I want to test H0: (beta2 = 0) and (beta5 = 0)

SAS can do this in PROC REG using the TEST statement.

SAS Program editor contents:

proc reg data=tolerate;
model score=i1 i2 age i1age i2age;
test i2=0, i2age=0;    * do assc prof have same reg line as asst? ;
run;


SAS Output window contents:

       Test 1 Results for Dependent Variable score
Mean
Source             DF         Square    F Value    Pr > F
Numerator           2        0.15581       0.38    0.6859
Denominator        24        0.40678


Here's code in R that starts the analysis:

# data description: http://statacumen.com/teach/ADA2/ADA2_HW_07_S13.pdf
tolerate <- read.csv("http://statacumen.com/teach/ADA2/ADA2_HW_07_tolerate.csv")
tolerate$rank <- factor(tolerate$rank)
tolerate$rank <- relevel(tolerate$rank, "3")
str(tolerate)

tolerate.manual <- data.frame(score = tolerate$score , i1 = (tolerate$rank==1)
, i2 = (tolerate$rank==2) , age = tolerate$age
, i1age = tolerate$age * (tolerate$rank==1)
, i2age = tolerate$age * (tolerate$rank==2)
)
lm.man <- lm(score ~ i1 + i2 + age + i1age + i2age, data = tolerate.manual)
summary(lm.man)


I have been unable to find a solution using library multcomp, contrast, or C(). Ideally, I could do this without creating separate terms in the model, but directly from this lm() statement:

lm.s.a.r.ar <- lm(score ~ age*rank, data = tolerate)


This gets close using a Wald test, but I'm looking for the same F-test SAS uses.

summary(lm.s.a.r.ar)
library(aod) # for wald.test()
coef.test.values <- rep(0, length(coef(lm.s.a.r.ar))) # typically, this will be all 0s
wald.test(b = coef(lm.s.a.r.ar) - coef.test.values
, Sigma = vcov(lm.s.a.r.ar)
, Terms = c(4,6))

Wald test:
----------
Chi-squared test:
X2 = 0.77, df = 2, P(> X2) = 0.68


Thanks for considering this question.

## 2 Answers

Do a full and reduced test by fitting a model with all the parameters, then another model with the reduced model (leave out the terms that you want to test with 0).
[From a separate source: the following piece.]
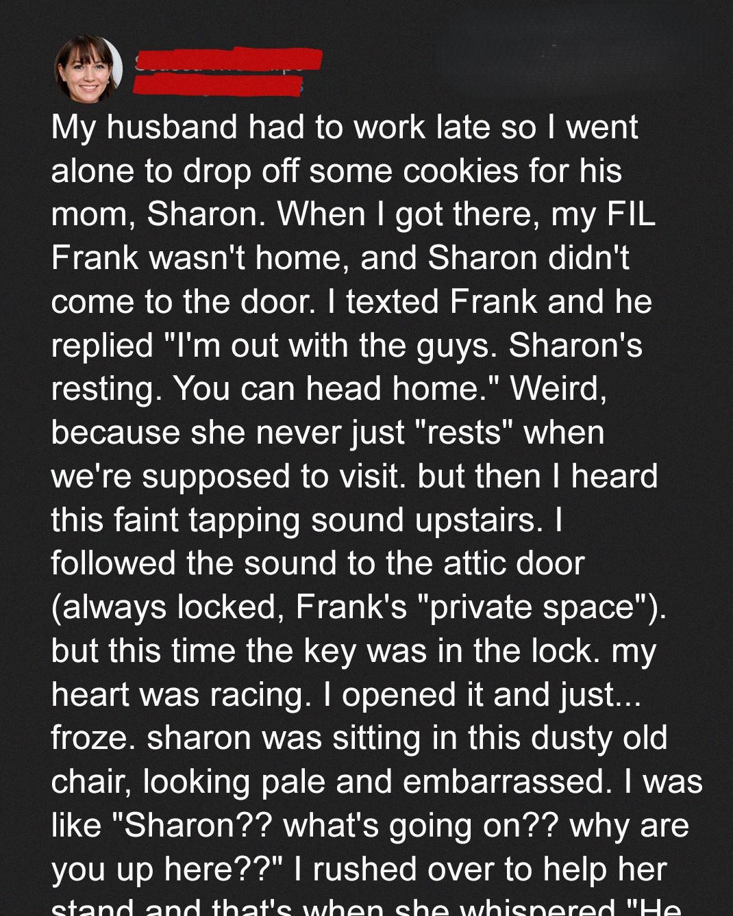 I rushed over to help her stand up, noticing how frail and unsteady she seemed. Her hand trembled as I helped her out of the chair. That’s when she whispered, her voice barely audible, [“He locked me in here”]. My blood ran cold. [“Locked you in here?”], I repeated, my voice trembling with disbelief. “Frank locked you in the attic? Why?” Sharon’s eyes filled with tears. “He… he doesn’t want me to bother him when his friends are over,” she whispered. [“He says I’m too loud and embarrassing”].
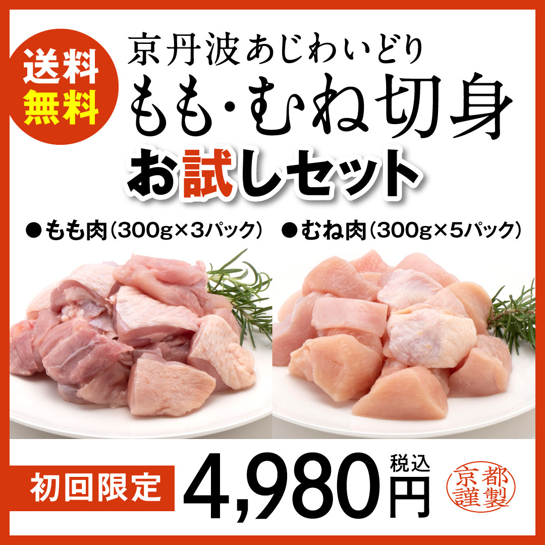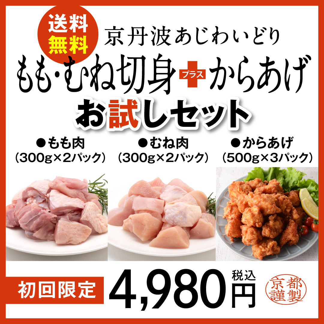 【初回送料無料】京丹波あじわいどりお試しセット(切身(もも300gX2、むね300gX2、唐揚げ500g×3パック)

Then do anova(fit1,fit2) to compute the F test.

If you want to test for values other than 0 then use the offset function in the reduced formula.
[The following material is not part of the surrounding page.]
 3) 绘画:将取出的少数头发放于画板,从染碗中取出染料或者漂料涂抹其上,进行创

What Greg said... with exact code following from OP's example:

lm.base <- update(lm.man, ~ . - i2 - i2age)
# or if you prefer to fully specify the formula rather than using update()...
# lm.base <- lm(score ~ i1 + age + i1age, data = tolerate.manual)
anova(lm.base,lm.man)


P.S.

If you tell wald.test() the denominator df (this is stored in lm under $df.residual), it will give you an F statistic. This example follows again from OP's, but is wrapped in a print statement so we can confirm that our p-value matches what has been given above: print(wald.test(b = coef(lm.s.a.r.ar) - coef.test.values , Sigma = vcov(lm.s.a.r.ar) , Terms = c(4,6),df=lm.s.a.r.ar$df.residual),digits=4)